Here's my specific question:

Is there a statistical procedure that compares a hypothesized value to the empirical distribution, rather comparing an empirical value to a null distribution?

Put another way: usually with hypothesis tests we get a sample and compare the resulting sample statistic to our hypothesized null distribution. Is there a procedure in which we gather a sample, then compare a hypothesized value to the empirical distribution resulting from the sample?

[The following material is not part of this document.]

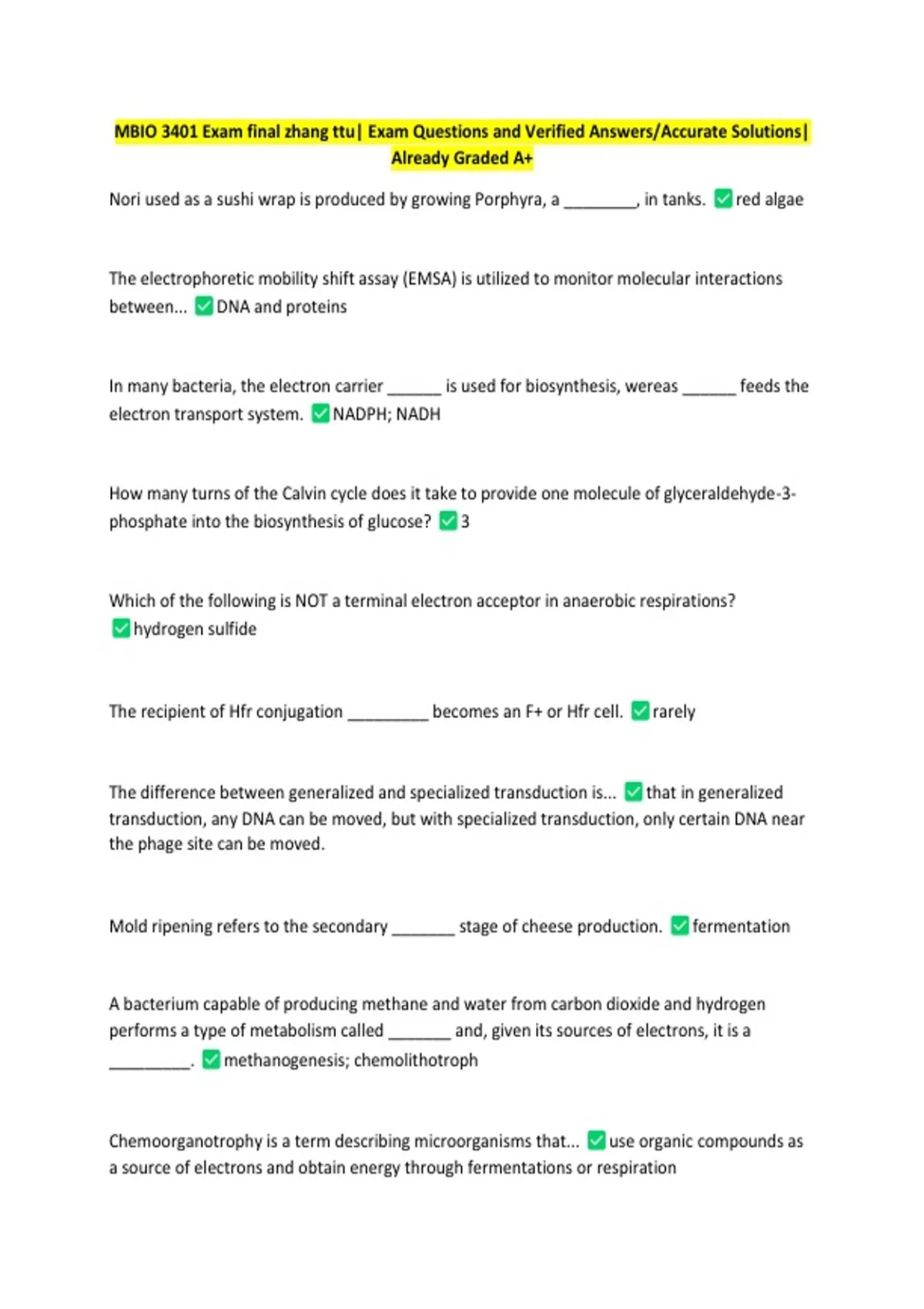 MBIO 3401 Exam final zhang ttu| Exam Questions and Verified Answers/Accurate Solutions

This question grew out of this earlier question, if it's helpful to read:

Why shift the mean of a bootstrap distribution when conducting a hypothesis test?


  • 1
    $\begingroup$ Are you perhaps referring to tests of distribution? If so, good keywords for a search are "Kolmogorov Smirnov," "Anderson Darling," "Shapiro Wilk," "GoF distribution," and (God help us, because there's never any reason to use it but it's popular) "Jarque Bera." If not, could you clarify what you mean by "hypothesized value"? $\endgroup$
    – whuber
    Jan 23, 2019 at 23:27
  • $\begingroup$ @whuber: have you seen the followup question that StatsPlease posted? I'd be interested in your take. $\endgroup$ Jan 24, 2019 at 7:21

2 Answers 2


Interesting question. The first thing that comes to mind and it’s close to what you describe, is a Bayesian kind of approach.

You can imagine having a non-parametric data distribution as your likelihood and then your hypothetical value can become your prior (pseudo or not) distribution. Combining those two, you will end up with a posterior distribution which you can then compare to your hypothetical prior that you had in the first place, and test if these two are the same or test if the prior is contained inside the “main body” of the posterior.

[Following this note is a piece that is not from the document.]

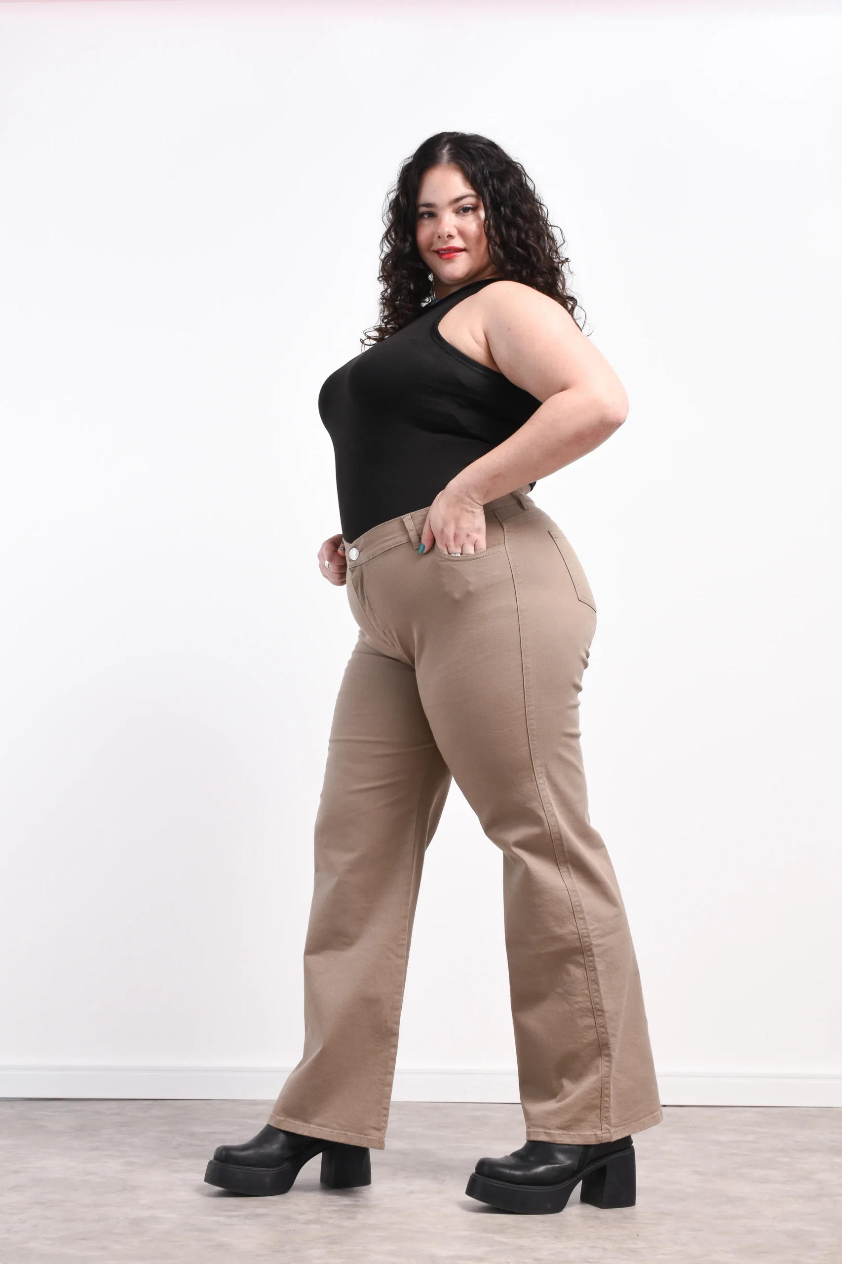 Wide leg color habano clásico tiro alto elastizado.

Example: let’s say that you believe that the average height is 1.78m. You can create a hypothetical distribution as your prior for which “most if its mass” is concentrated around 1.78m. Afterwards, you can combine it with the data distribution from your sample and test if the resulting distribution is not significantly different than your prior. The way I would choose to test it is via simulation and graphs! E.g: simulate 1000 values from the prior and overlay them on top of a boxplot from simulated values coming from the posterior.

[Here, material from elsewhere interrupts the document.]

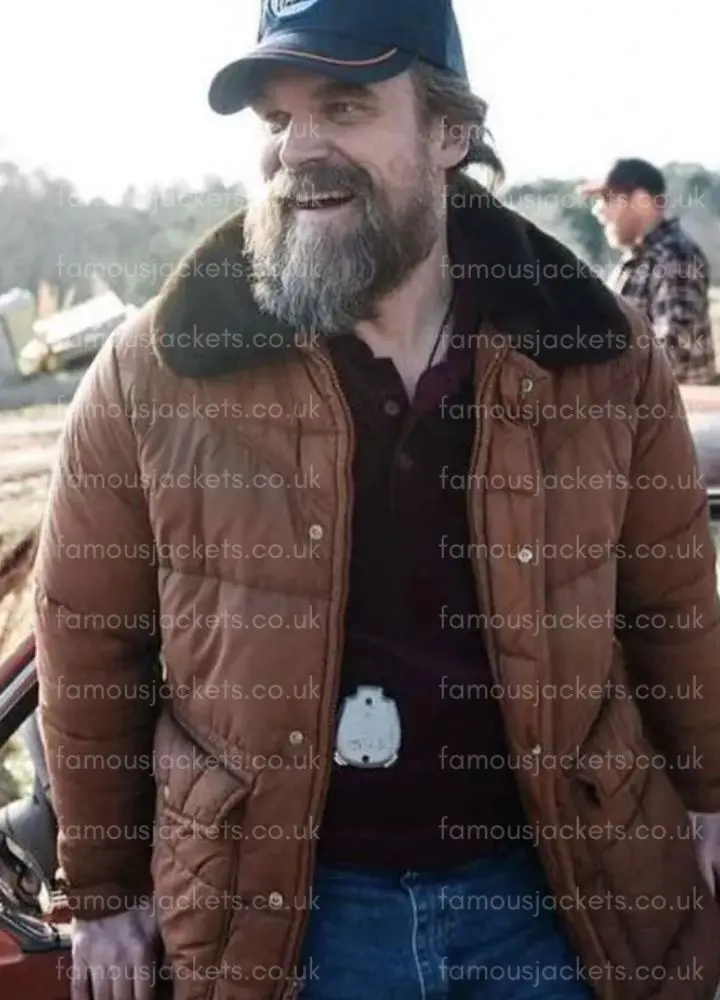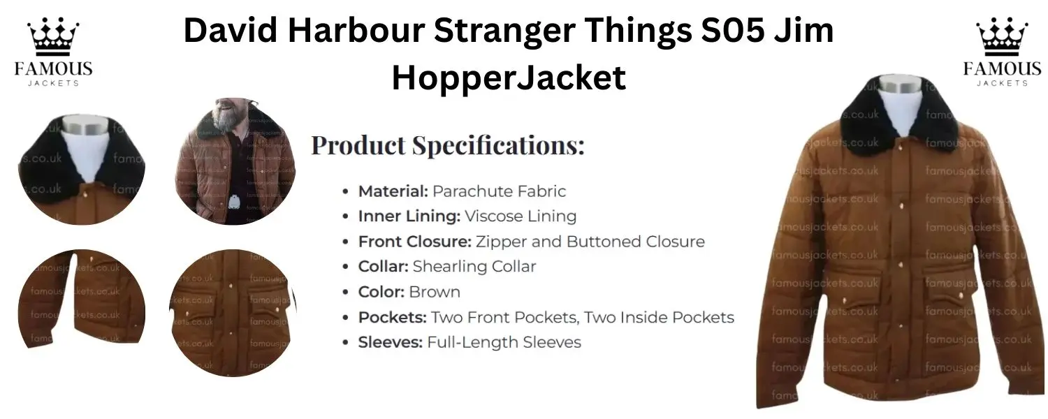 Step into the world of Hawkins with the Jim Hopper Stranger Things S05 David Harbour Brown Shearling Jacket that pays homage to the iconic character of Jim Hopper. In Season 5 of Stranger Things, we see Jim Hopper emerge as the brave and rugged protector of Hawkins, which he does with determination and style. Now, we fans can add to that look with this premium David Harbour Jacket, which was designed for authenticity and comfort. Made from high-quality parachute fabric, this Jim Hopper Brown Jacket also includes a soft shearling collar, full-length sleeves, zip and button front closure, two front pockets and two inside pockets for convenience. The inner lining is of smooth viscose, which not only adds to the jackets warmth and durability but also makes it perfect for casual wear, cosplay events or for that Stranger Things S05 theme party.

Not sure if I’m describing something that people are doing already but to me sounds interesting.


If you compare a hypothesized value with a bootstrapped confidence interval for a parameter, you'd be comparing a hypothesized value to a confidence interval based on an empirical distribution from bootstrapping.

This is something that's done -- to see if a hypothesized value is within the confidence interval as form of hypothesis test.